U.S. Government Shutdown Would Delay Data on Overseas Trade, Import Prices

A partial shutdown of the federal government forced by the budget impasse in Congress would delay release of U.S. economic data, making it more difficult to determine the influence on growth of the recent jump in commodity prices.

About 800,000 government workers would be affected by a shutdown, an administration official said today. That would include staff at the Labor and Commerce Departments who compile information on everything from consumer prices and the unemployment rate to retail sales and trade.

“They won’t be working,” said David Resler, chief economist at Nomura Securities International Inc. in New York, recalling what happened in 1995-1996, the last time federal agencies closed due to a budget dispute. “It really mucked up our ability to understand what was going on in the rest of the economy because we had no data.”

Federal government offices closed for six days in November 1995 and for another 21 days from December until a funding agreement was passed on Jan. 5, 1996, sending employees back to work the following Monday, Jan. 8. After the second shutdown, the federal agencies struggled to put out a backlog of reports.

Now, a partial shutdown of the government would delay three reports scheduled for April 12. These include Labor Department data on import prices for March, Commerce Department figures on the trade balance for February and the Treasury’s budget for last month. Depending on the length of a shutdown, other reports next week could also be delayed, including March retail sales figures, the weekly data in jobless claims and figures on consumer prices for last month.

Extended Closure

The longer the shutdown, the more time it would take government workers to catch up with the backlog of data, a government official said. A closure lasting one day would probably delay reports by a day or so, the official said.

Using the 21-day 1995-96 episode as a guide, one of the first bits of data available after federal offices reopen will probably be weekly figures on the number of Americans filing applications for jobless benefits. Claims data were released less than two weeks after offices reopened on Jan. 8, 1996.

Investors took the shuttering of government offices in stride 15 years ago.

In the month leading up to the first shutdown in November 1995, the Standard & Poor’s 500 Index climbed 1.3 percent. In the month after the January 1996 agreement that restarted the federal government, the stock index rose 4 percent. During the same periods, the Dollar Index fell 0.3 percent and rose 1.4 percent.

Past Performance

Bank of America Merrill Lynch’s U.S Treasury Master Index rose 0.3 percent during first shutdown and 0.76 percent during the second.

Investors today are more focused on Federal Reserve policy than on economic data, making a government shutdown less critical to them.

“The overriding factor in the marketplace is what the Fed is going to do, and how they’re going to do it,” said Thomas L. di Galoma, head of U.S. rates trading at Guggenheim Capital Markets LLC, a New-York based brokerage for institutional investors. “People aren’t as concerned with the government shutdown.”
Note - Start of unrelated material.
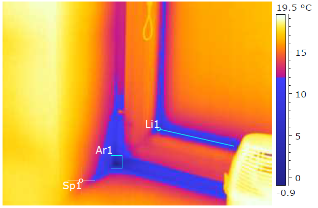 Detailní snímek pořízený termokamerou ukazuje na výrazné nedostatky v provedení tepelné izolace v oblasti okna. Levý spodní roh připojovací spáry je kritickám místem. Linie Li1 značí, že minimálně část zobrazené oblasti má povrchovou teplotu pod teplotou rosného bodu. Modře vyznačené oblasti označují plochy s rizikem kondenzace a výskytem plísní. Označenými místy také uniká z bytu tepelná energie.

The Labor Department’s employment report for March may have helped assuage concerns about the strength of the U.S. economy even as a government shutdown looms. Employers added a bigger- than-forecast 216,000 workers to payrolls, and the jobless rate fell to a two-year low of 8.8 percent.

Hiring Plans

Anecdotal evidence is reinforcing the government’s information. McDonald’s Corp.’s U.S. unit is seeking about 50,000 workers during its National Hiring Day event to commence on April 19, the company said last week.

“We all know hiring is starting to happen with or without the government telling us,” said Rick Fier, a trader at Conifer Securities LLC in New York. “Everyone is pretty much on board with the economy and labor market improving.” He said “although a shutdown is on people’s minds, it’s not on the front of their minds.”